Jules Quicherat wrote an almost exhaustive five-volume historiography of Joan between 1841 and 1849 and many writers, politicians, and religious have appropriated Joan of Arc with numerous writings. None were contemporary and often reinterpreted the original sources.
The two trials had obvious political influence, and the inquisitorial method supposed that the accused and the witnesses answer only the questions asked. Moreover, the trial of 1431 was transcribed in Latin while the interrogations were in French.
From the beginning legends ran about her, concerning her childhood, her prophecies, her mission, the miracles or wonders and she developed mythological status. Joan of Arc was very popular during her lifetime and the ride to Reims made her known abroad. The exceptional nature of her epic fed countless rumours in France.
Doctors of theology of the Catholic Church considered her a threat to their authority,
Jeanne undeniably reversed the psychological mood in favour of France, by raising the morale of the army and population, legitimizing and sacrificing the king, and by showing that the reputation of invincibility of the English was false. At the head of the warriors, she kept amid the armies a purity. Events worthy of memory, though, there is more admiration than any credence.

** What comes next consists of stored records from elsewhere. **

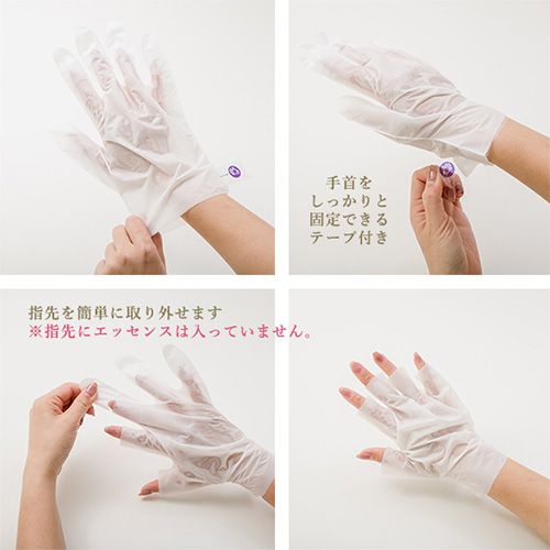 指先のカット部分を取り外し、15分程度浸透させます(※指先部分にエッセンスは入っておりません)。
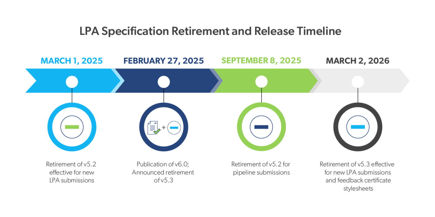 - Specification version 5.3 – If you’re still using v5.3, please begin to make plans to transition to a newer version of LPA.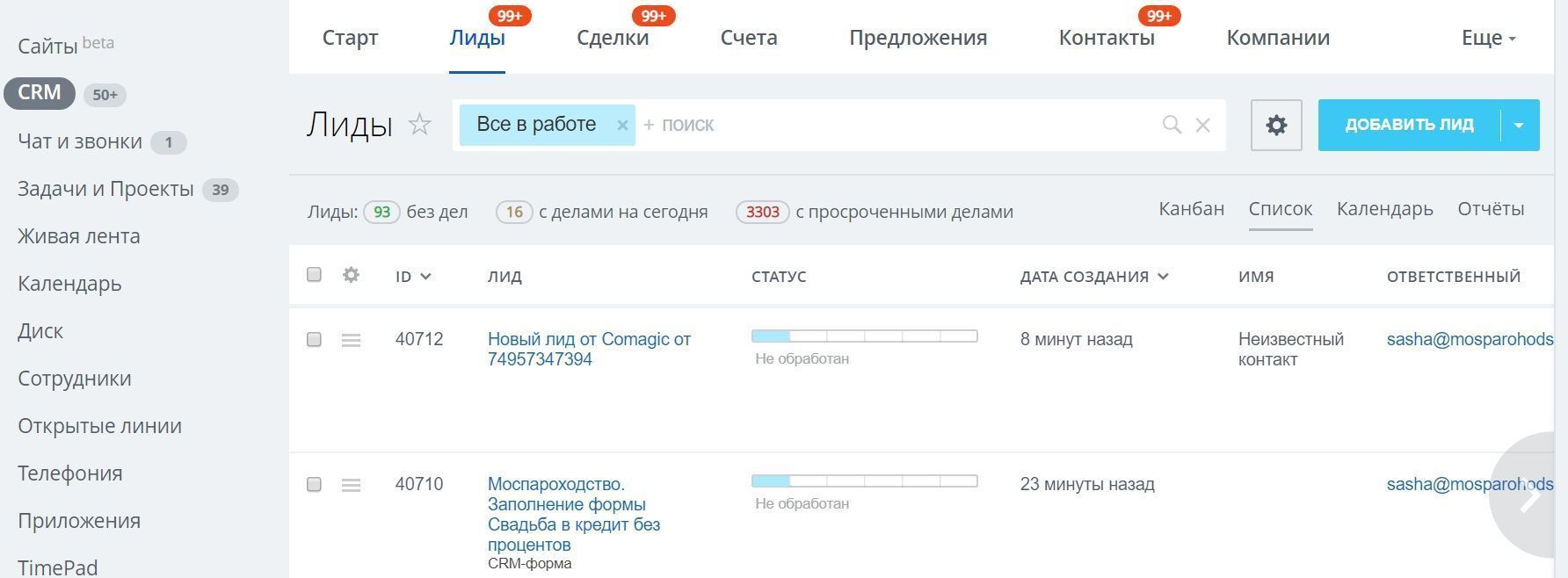 Моспароходство: страница CRM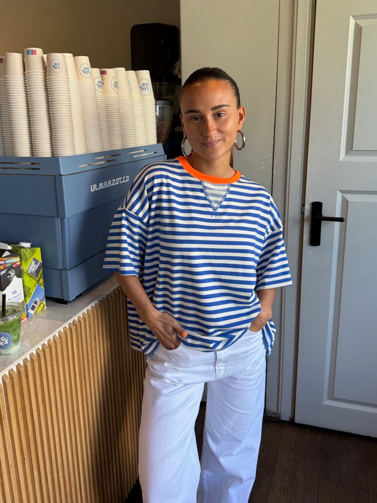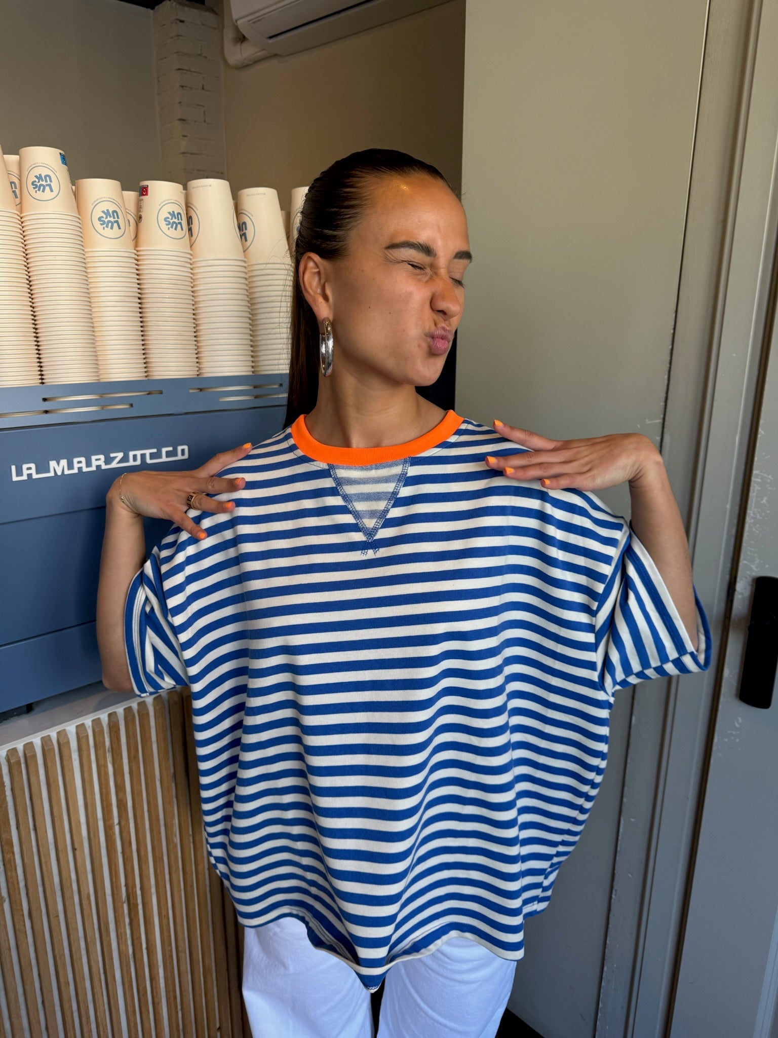 Novi striped t-shirt blauw/oranje

Since the 19th century, the exploits of Joan of Arc have been usurped to serve certain political purposes – the exploitation of a heroine who symbolizes France mythically, even mystically, is innumerable. It has been suggested that she was a political instrument intended to throw terror into the English troops, and the so-romantic hand of God
Institutional recognition. Joan of Arc is the seventh most celebrated figure on the pediment of the 67,000 French schools as of 2015 – no less than 423 schools, colleges and high schools (including 397 in the private sector) gave it its name, behind Joseph (880), Jules Ferry (642), Jacques Prévert (472), Jean Moulin (434), Jean Jaures (429), but before Antoine de Saint-Exupery (418), Victor Hugo (365), Louis Pasteur (361), Marie Curie (360), Pierre Curie (357), Jean de la Fontaine (335).
Recognition by the Catholic Church – Canonization. She was beatified on April 18, 1909, and canonized on May 16, 1920. Her religious holiday is set for May 30, the anniversary of her martyrdom. Pius XI proclaimed her patron saint side of France in 1922.